Given data:
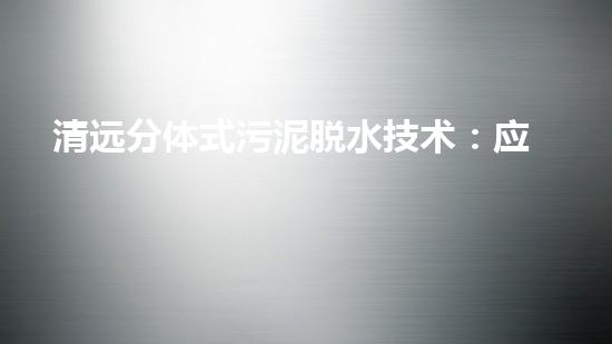 清远分体式污泥脱水技术:应用与发展
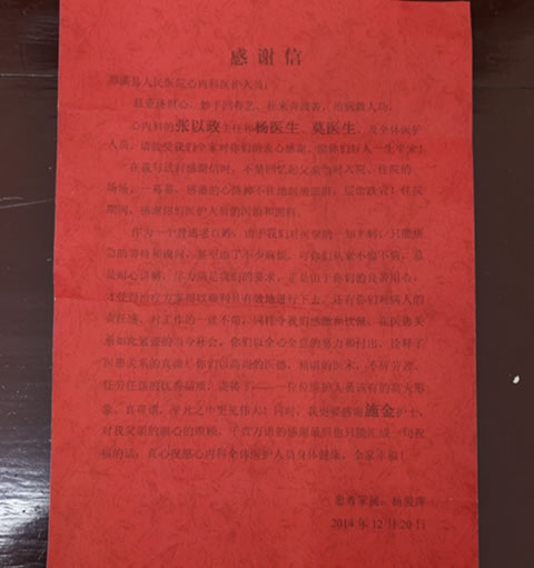 心内科的张以政主任和杨医生、莫医生及全体医护人员,请接受我们全家对你们的衷心感谢。愿你们好人一生平安!
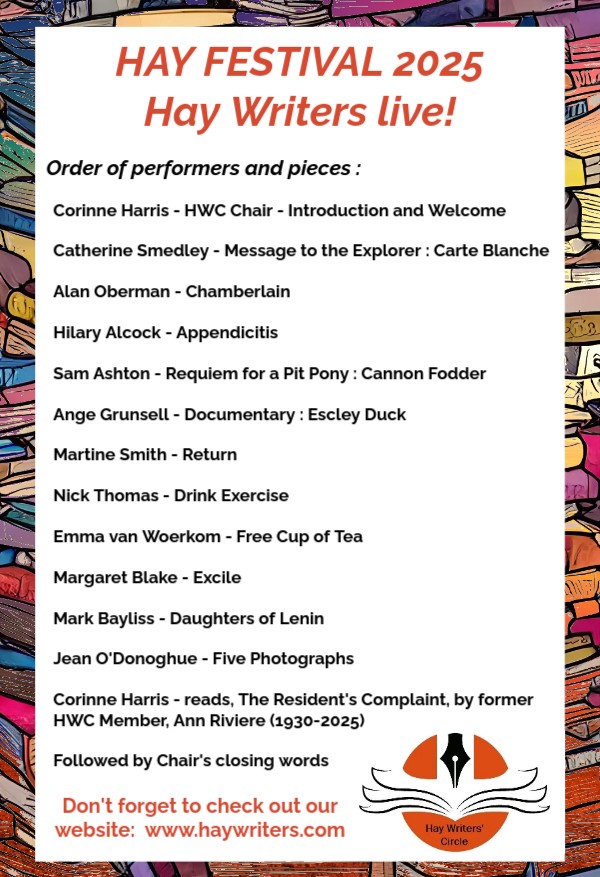 It’s full steam ahead for rehearsals for our Hay Writers Live! event at Hay Festival 2025. As we continue to hone our performance, we are delighted to release the full program of readers and pieces. All are new works enjoying their first public airing. We will be showcasing a variety of pieces including competition winners, novel extracts, poetry, short stories and more!

Work request:
Write out the lines from the start of the material to the line with "心内科的张以政主任和杨医生、", inclusive and exactly. Skip the pictures.

Task output:
 清远分体式污泥脱水技术:应用与发展
 心内科的张以政主任和杨医生、莫医生及全体医护人员,请接受我们全家对你们的衷心感谢。愿你们好人一生平安!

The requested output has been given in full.